Covid: L’acquisition de vaccins en Afrique retardée par l’égoïsme des grandes puissances

par pierre Dieme

Pendant que certaines franges de la population en Afrique versent dans des débats stériles sur les vaccins contre la Codiv-19, au niveau des hautes sphères des Etats, on se préoccupe.

La raison principale tient au fait que certaines grandes puissances font des commandes excédentaires de vaccins dans le souci de les conserver, selon le principe de précaution.

Après l’Organisation mondiale de la santé (Oms) qui a alerté sur cet état de fait, demandant à ces gouvernements d’éviter ces pratiques et de verser l’excédent dans l’initiative Covax, le Président sud-africain Cyril Ramophosa est sorti de ses gonds pour tirer la sonnette d’alarme.

Invité du Forum économique mondial de Davos, il a dénoncé ces pratiques d’un autre siècle symptomatique des relations difficiles entre Etats et révélatrices surtout de l’égoïsme des grandes puissances guidées par le souci de toujours préserver leurs intérêts.

Après les excédents agricoles parfois brûlés alors que l’on meurt de faim dans de nombreux autres pays du globe, voilà l’excédent de vaccins que l’on commande parce que l’on en a les moyens.

On crée ainsi un déficit artificiel parce que toute la production des laboratoires actuellement autorisés à en produire risque d’être systématiquement absorbée.

Pendant ce temps, des pays comme l’Afrique du Sud, la Côte d’Ivoire et bien d’autres, ont dû revoir leurs protocoles vaccinaux avec retard dans l’acquisition des vaccins.

Car, si la demande est trop forte, les pays faibles seront naturellement les moins servis pendant que de nombreuses doses de vaccins attendent d’être utilisées.

Or, selon les prévisions, le dispositif Covax ne permet de vacciner que 20% des africains. Très peu au regard du regain de contaminations observé partout et surtout du taux de létalité qui ne cesse de grimper.

Le Sénégal, par exemple, a franchi la barre des 600 décès de Covid-19 alors qu’en Afrique du sud, on en est à 41 mille décès pour ne citer que ces deux exemples.

Or, à l’état actuel des choses, nous ne pouvons qu’attendre que les commandes faites par les pays africains soient satisfaites. Ce qui sera loin d’être facile pour les raisons évoquées plus haut.

Or, si cette situation perdure, il faudra s’attendre à beaucoup plus de cas de contamination dans le continent et à beaucoup plus de décès. Ce qui serait dommage.

C’est pourquoi, au niveau de la Communauté économique des Etats de l’Afrique de l’Ouest (Cedeao), on veut prendre les devants afin de rationaliser la démarche par une mutualisation des efforts.

Ainsi, les chefs d’Etats ont instruit la Commission de la CEDEAO et l’Organisation ouest-africaine de la santé (OOAS), en collaboration avec les États membres, de conduire le processus d’approvisionnement de 240 millions de doses de vaccins.

Car, la Cedeao a opté pour une approche d’achat groupé des vaccins anti-Covid en travaillant, à

‘’mettre en place un fonds renouvelable pour les vaccins, et lance un appel aux gouvernements nationaux, aux banques de développement, au secteur privé et aux partenaires à y contribuer. Ce fonds servira à garantir la disponibilité des vaccins anti-Covid dans la région, par un approvisionnement commun à court terme et une fabrication régionale à moyen et long terme’’.

Les Chefs d’Etat qui se sont réunis tout récemment, ont décidé de ne pas croiser les bras et de travailler désormais à faciliter le ravitaillement et même la fabrication de vaccins.
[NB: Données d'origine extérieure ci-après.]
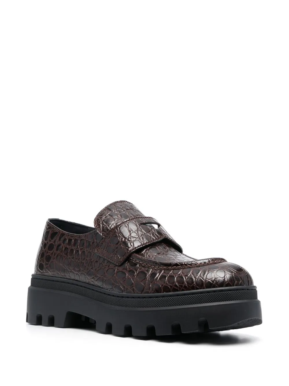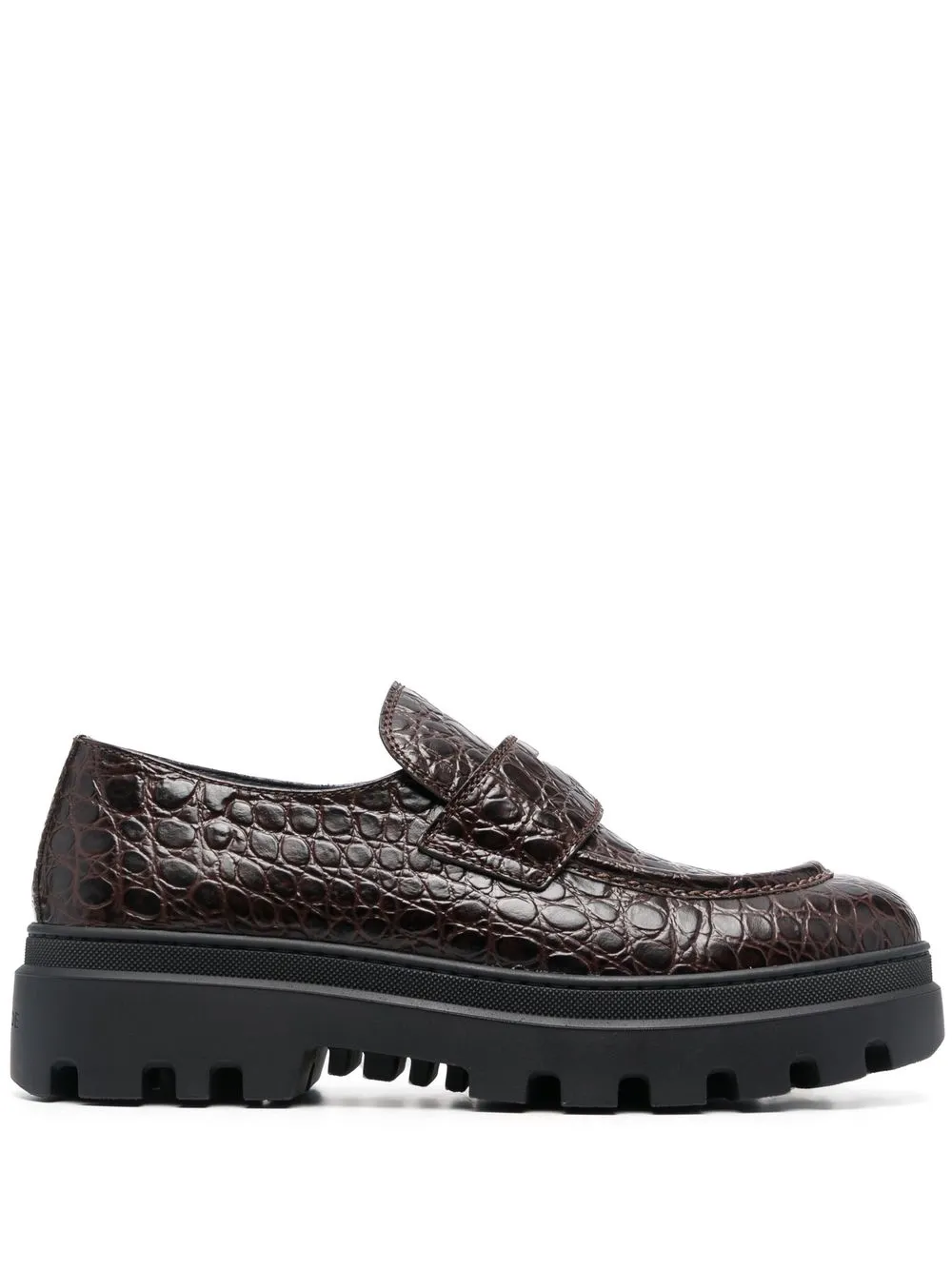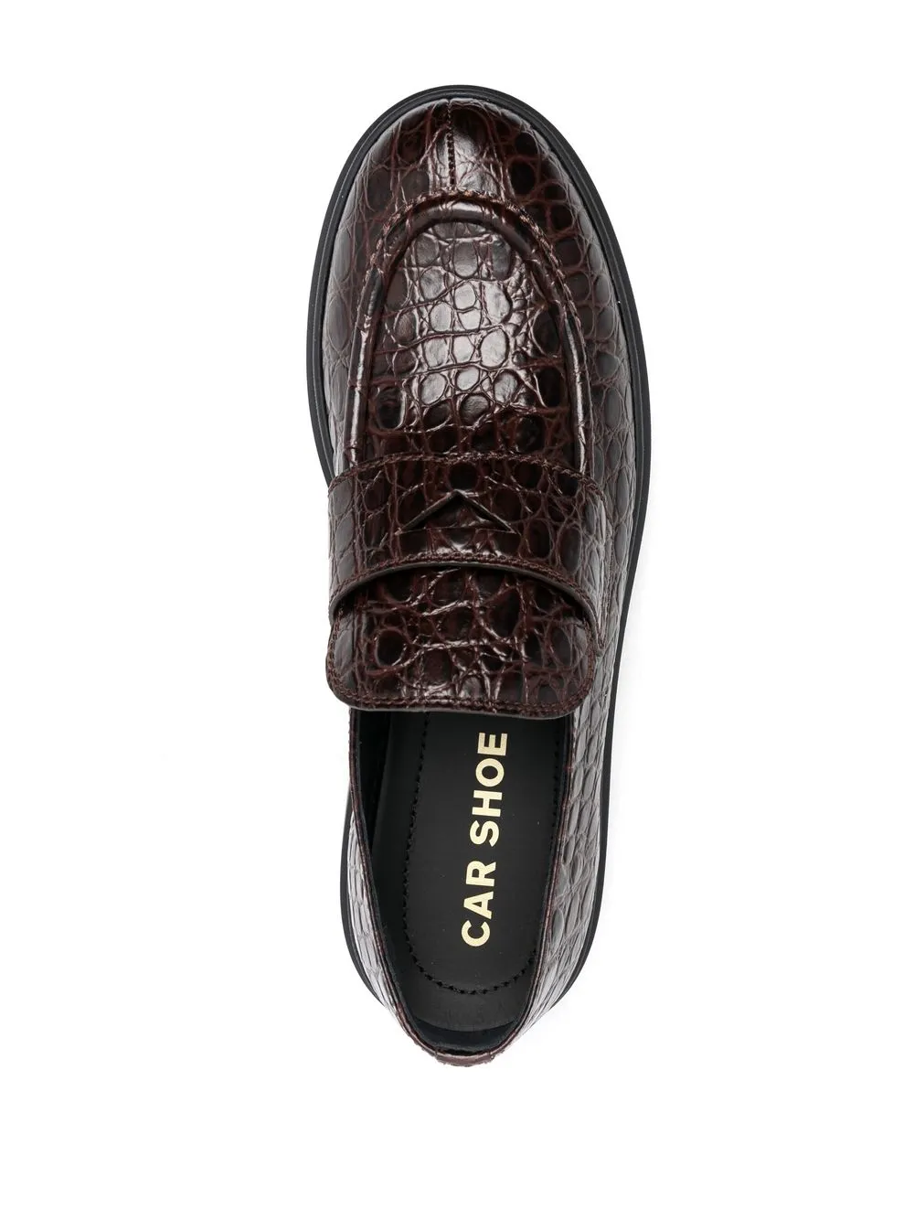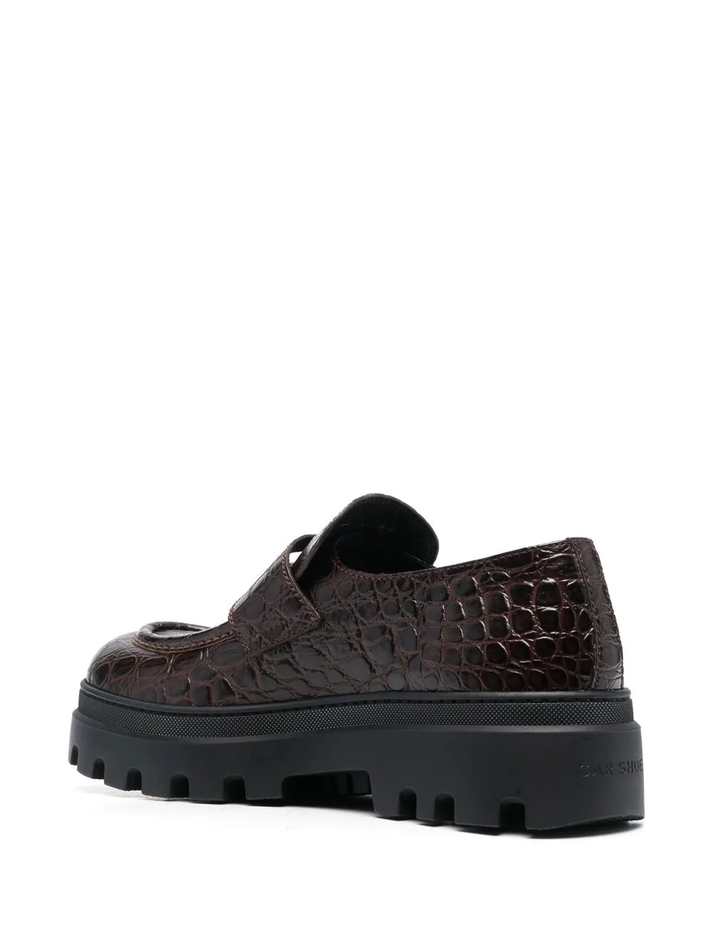 embossed crocodile effect loafers from CAR SHOE featuring embossed crocodile effect, crossover strap detail, slip-on style, round toe, rubber lug sole, branded insole, brown and calf leather.
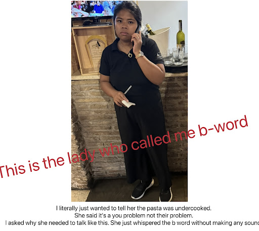 I asked, “Are you calling me a b?” and she completely ignored me, turned away to answer the phone, and avoided eye contact on purpose.
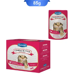 غذای کامل تر گربه فنبی طعم مرغ و پرنده و شیر وزن 85 گرم کد 103207 Faenbei Complete Food
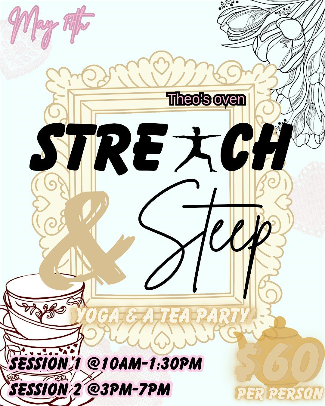Enjoy a beginner friendly yoga session with Mel. Then join Teddi with Theo's oven for a tea party. Check out the menu below👇🏽filled with different flavors of tea, pastries, and savory snacks. Treat your mom, grandmom, or any mom for a "mom&me" discount on tickets👩👧🩷
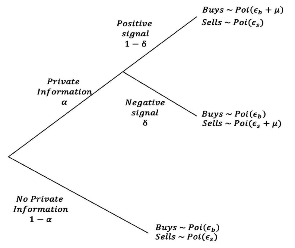 1 This diagram represents the trading mechanics, described on the previous page, where and stay for probability of private information event, probability of negative signal, rate of uninformed buy and sell operations rates and informed trade arrival respectively.
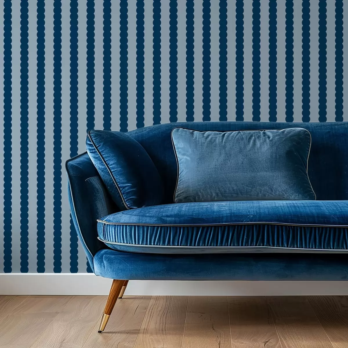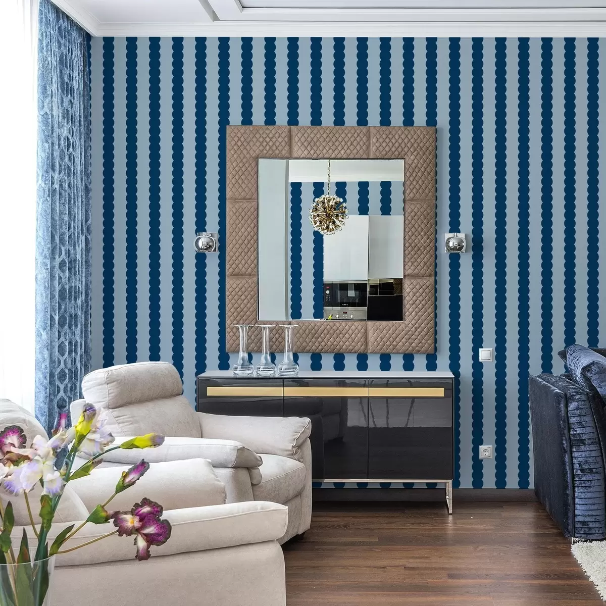 Papel tapiz Rayas onduladas de color azul oscuro en estilo minimalista Nr. a01182v3
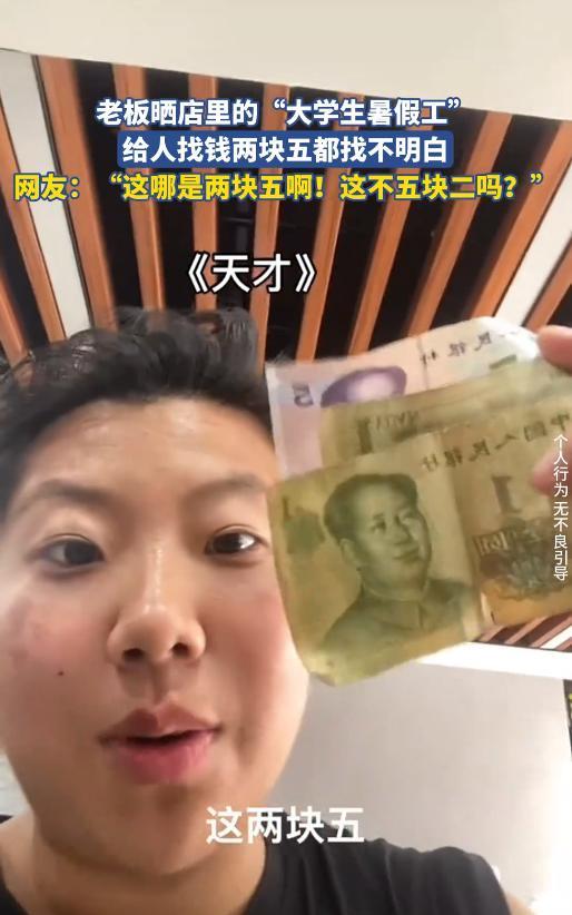 “离了个大谱!”山东,小男孩拿10元钱到超市买了7.5元的东西,没想到,收银台的大学生暑假工结账时,竟拿了2张一元和1张五元的纸币给男孩!幸好老板就在一旁,急忙拦住了暑假工。网友:店在哪?去帮你再考验一下! 牟视大观7月23日的一篇报道引起热议,网友也纷纷表示这家店到底在哪?致富就靠这个大学生了.... 李女士在小区附近开了家不大的超市,平时生意虽然说不上多火爆,但来来往往的熟客不少,生意一直还算稳定。 到了暑假,附近不少学生放假在家,李女士也习惯这个时候招几个暑假工帮帮忙,做些理货、上架、收银这种不太重的活儿。 那年夏天,李女士姨家的孩子也放了大学暑假,想着打点零工赚点生活费,顺便也能锻炼一下。 李女士心里一想,反正自己也要请人,不如就让这孩子来帮帮忙,既能省点人手,还都是自己人,彼此也放心。 小姑娘性格不闹腾,人也精明,说话办事挺利落。 李女士看她脑子转得快,想着她也上过大学,收银系统这些应该一学就会,就安排她到前台收银。 刚开始几天,由老员工在旁边带着,一边操作一边讲解。 小姑娘学得快,基本两天就能自己独立看台了。 她还挺有耐心,对顾客也有礼貌,碰上拿零钱、扫码慢的顾客,也不会不耐烦,做得算是很顺手。 李女士看在眼里也觉得放心,平时自己要去进货或者忙后仓的时候,前台就交给她看着,偶尔还会让她帮着理一理账、盘点点货,算是比别的暑假工多了一些信任和锻炼机会。 一开始一切都挺顺利,谁也没想到后面会出点事。 有一天,店里发生了一件让李女士哭笑不得的“小插曲”。那天午后生意不算太忙,她正坐在收银台旁边的椅子上歇一会,顺便翻着账本核对进货清单。 这时来了个小学生模样的男孩,手里攥着一张皱巴巴的十块钱,拿了点零食和饮料,总共七块五。他把东西放到收银台上,排队轮到他后,把钱递了过去。 站在收银台后的是李女士姨家的大学生外甥女,暑假过来打工的。她操作扫码枪一扫,收银系统自动跳出金额,然后她开始掏零钱准备找钱。按理说,找回两块五就行了,这种简单的账,小学二年级都能算清楚。可她低头在零钱盒里翻了一圈后,竟然伸手拿出两张一元和一张五元的纸币,叠在一起递给了小男孩。 这一幕刚好被李女士瞥见了,眼看那张五元正要递出去,她条件反射地一个箭步冲过去,手一伸拦住了递出去的钱,嘴里还带着点惊讶:“哎哎哎,这找的是啥钱呀?” 女孩愣了一下,还一脸疑惑地说:“不是找两块五吗?” 李女士一看她神情认真,反倒愣住了:“你这给的是七块啊!五块你当五毛给了?”说完自己都笑出了声。 旁边正在排队的顾客也跟着乐了,女孩这才反应过来自己搞错了,脸一下涨红,赶紧把钱收回来重新找。 事后李女士一边笑一边摇头:“我还想着她大学生,脑子肯定够用,结果这账还不如小孩算得快。”女孩自己也觉得不好意思,连连道歉,说是头晕眼花看错了。 从那之后,李女士没敢再让她一个人管现金收银,怕她再一次手一抖把钱“送出去了”。她自己也长了记性,找钱的时候都会小声念一遍,生怕再出错... 信息来源:新浪新闻
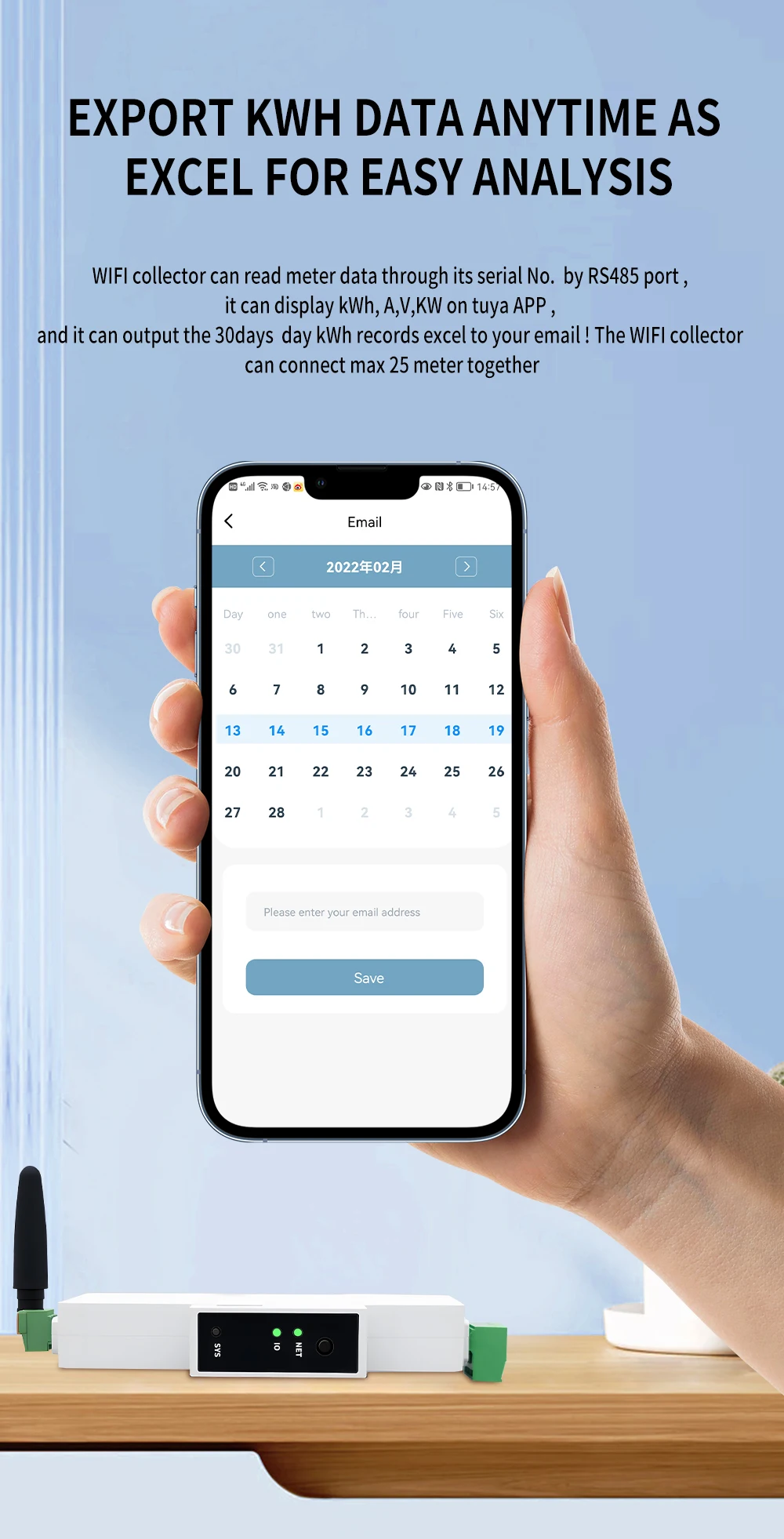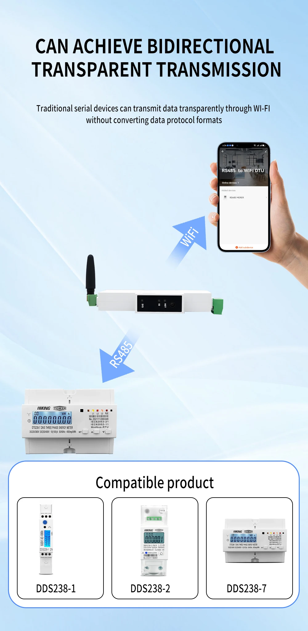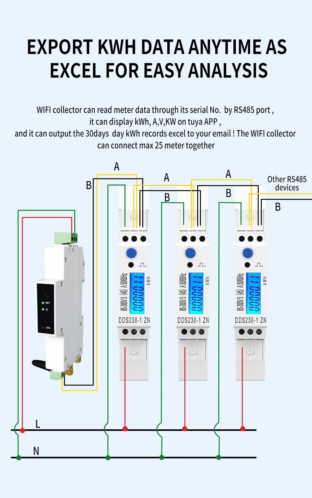 TCB11-W can connect up to 25PCS RS485 energy meter. And it can also read data from and control the devices via WIFI.

Une initiative louable mais qui risque, elle aussi, de se heurter à l’égoïsme de nos Etats même qui, comme on l’a constaté, privilégient les approches nationales pour ne pas dire nationalistes.

En effet, non seulement le fonds de la Cedeao n’est pas encore alimenté, mais le retard observé dans la prise de cette décision n’encourage pas les Etats à compter sur l’institution sous-régionale.

Qui plus est, face au sauve-qui-peut, les Etats qui contournent l’Oms dans le cadre de Covax ne vont pas hésiter à le faire pour la Cedeao même si la démarche des Chefs d’Etat est à saluer.

Il est important cependant, que, dorénavant, l’Afrique apprenne à compter sur elle-même dans toutes les batailles où elle se trouve confronté en mutualisant ses efforts.